**Aim of the exercise:**
All lines below must be repeated exactly, with the pictures omitted.

**Data excerpt:**
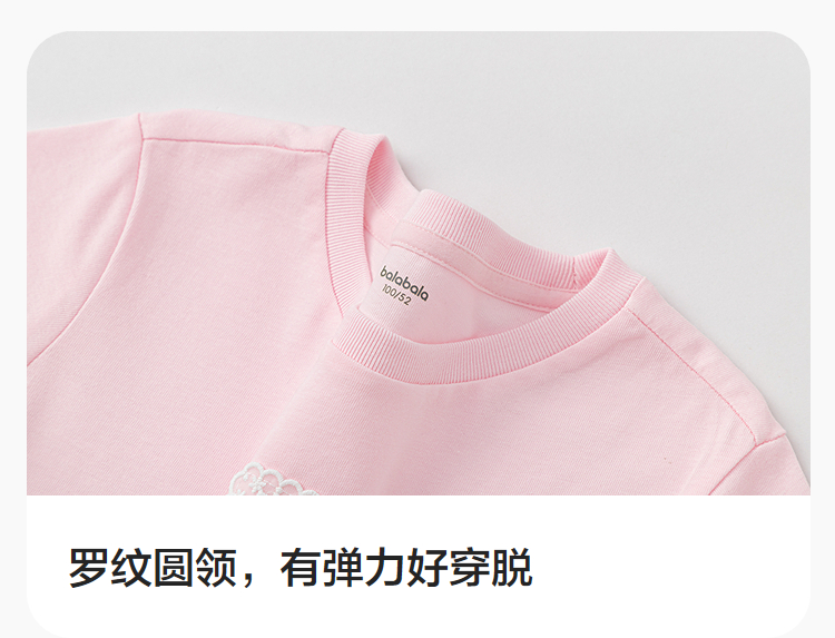【balaOne】巴拉巴拉童装短袖t恤女童2026新款夏儿童简约精致上衣
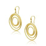 A study in texture and light, the Orbelle Gold Earrings feature concentric golden circles—each delicately etched to catch the light with every movement. Their minimalist form and raw finish offer timeless elegance with an artisan edge.
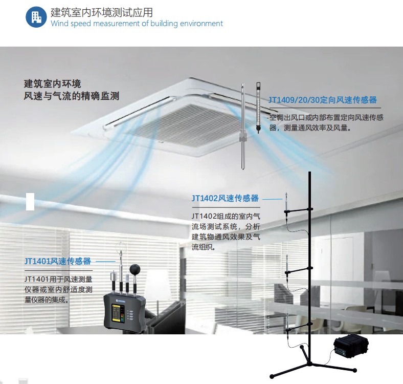 1、建通科技JT14XX系列风速探头均可以适配(标配探头为JT1402)
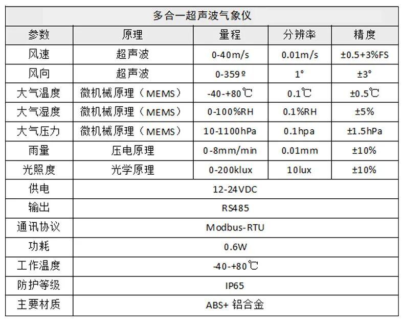 迷你超声波气象仪是一款全数字检测、高精度的多合一传感器。它创新性地集成了超声波风速风向传感器、高精度数字温度、湿度、压力传感器、雨量传感器及光照度传感器,能同时捕捉风速、风向、大气温度、大气湿度、大气压力、雨量、光照度等多项关键气象参数。

**Task output:**
【balaOne】巴拉巴拉童装短袖t恤女童2026新款夏儿童简约精致上衣
 A study in texture and light, the Orbelle Gold Earrings feature concentric golden circles—each delicately etched to catch the light with every movement. Their minimalist form and raw finish offer timeless elegance with an artisan edge.
 1、建通科技JT14XX系列风速探头均可以适配(标配探头为JT1402)
 迷你超声波气象仪是一款全数字检测、高精度的多合一传感器。它创新性地集成了超声波风速风向传感器、高精度数字温度、湿度、压力传感器、雨量传感器及光照度传感器,能同时捕捉风速、风向、大气温度、大气湿度、大气压力、雨量、光照度等多项关键气象参数。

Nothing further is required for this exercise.